As more and more studies evaluate risk associated with multiple genes and environmental factors, it has become clear that traditional logistic regression analysis approaches are not adequate for modeling complex multi-factor interactions ( 42 ). For this reason, we utilized the recently developed MDR and interaction entropy strategies to assess and interpret potential interactions. This approach improves statistical power to efficiently identify potential gene–gene and gene–environment interactions. The results of these novel algorithms were consistent with our logistic regression analysis for the two-way interaction models. We attempted to test three way interactions to replicate our findings from the MDR analysis in logistic regression; however, the model failed to converge due to the small number of individuals in some cells. Thus, our experience highlights the need for alternative, more powerful methods. Out of all of the possible two-factor combinations tested, MDR analysis selected XPD 751 and XPD 312 as the best two predictors of bladder cancer risk. The three-factor model including XPD 751, XPD 312, and pack-years of smoking was the strongest model overall since it had the highest level of testing accuracy and showed good CVC ( Table III ). Adding other factors (e.g. the four-factor model) lowered the CVC, reduced the testing accuracy and raised the P -value. The MDR three-factor model indicated that XPD 751, XPD 312, and pack-years of smoking are a high risk combination of factors, but did not specify whether or not there is a synergistic relationship. The interaction entropy and interaction dendogram analyses ( Figures 1 and 2 ) helped us interpret the nature of the interactions in these multifactor models, and revealed that the relationship between the XPD SNPs and bladder cancer is mostly non-additive while the effect of smoking is mostly additive.

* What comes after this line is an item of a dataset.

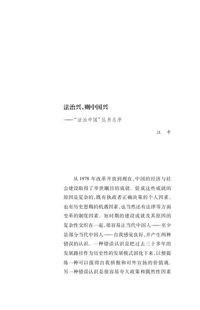 全书结构清晰:从概念辨析出发,到文明秩序重构,再到现实障碍剖析,最终落脚于建设路径。前言与江平先生所作‘法治中国’丛书总序尤为精彩——前者直指规则中心主义之蔽,后者以‘历史三峡’为喻,强调法治是避免社会滑向失序、实现民族复兴的唯一制度性基石。

XPD is an enzyme in the NER pathway that removes certain DNA crosslinks, UV photolesions, and bulky chemical adducts ( 43 ). Non-synonymous SNPs in the XPD gene result in the substitution of glutamine in place of lysine at position 751 and asparagine for aspartic acid at position 312. As reported previously ( 44 ), we found that the two SNPs were in linkage disequilibrium, with a higher frequency of XPD 312 Asp, XPD 751 Lys and as such, also examined the risk associated with XPD haplotypes using the PHASE estimation software. Prior, smaller hospital-based studies produced inconsistent results and to date have not examined the bladder cancer risk associated with XPD haplotype ( 13 , 15 ). As in our study, interactions have previously been observed for XPD 312 and 751 in relation to lung cancer risk, and several studies found that the risk of lung cancer associated with the variant allele was higher among non-smokers than among smokers ( 9 , 44 ). In lymphoblastoid cell lines, double variants had an enhanced apoptotic response to UV-induced damage, possibly explaining our findings of an increased risk among those with a variant allele in either XPD 312 or XPD 751 but not for those variant at both loci ( 20 , 45 ). We also observed elevated bladder cancer risk for individuals with the low frequency haplotypes and the bladder cancer ORs for XPD haplotypes also did not vary dramatically by smoking status ( Table IV ). Thus, future, larger studies of XPD haplotype using more SNPs may be informative.

We also looked at SNPs in other repair pathways, including BER and DSB repair. XRCC1 mediates interactions with its BER partners, including APE1, and thereby modulates enzymatic activity throughout the pathway ( 46 ). A common amino acid substitution (Arg to Gln) occurs in the BRCT1 domain at codon 399, a region involved in binding polyADPribose polymerase (PARP) and APE1 ( 46 ). The relatively uncommon non-synonymous SNP in XRCC1 at position 194 was unrelated to bladder cancer risk overall in our study and others. We observed a lower risk among heavy smokers, similar to what was reported for breast cancer risk ( 17 , 47 ), but with wide confidence intervals. APE1 148, XRCC1 194, XPC PAT and XPD 751 variants also conferred a slightly reduced risk in heavy smokers; however, with the exception of the XRCC1 194 heterozygotes, these effects were not statistically significant.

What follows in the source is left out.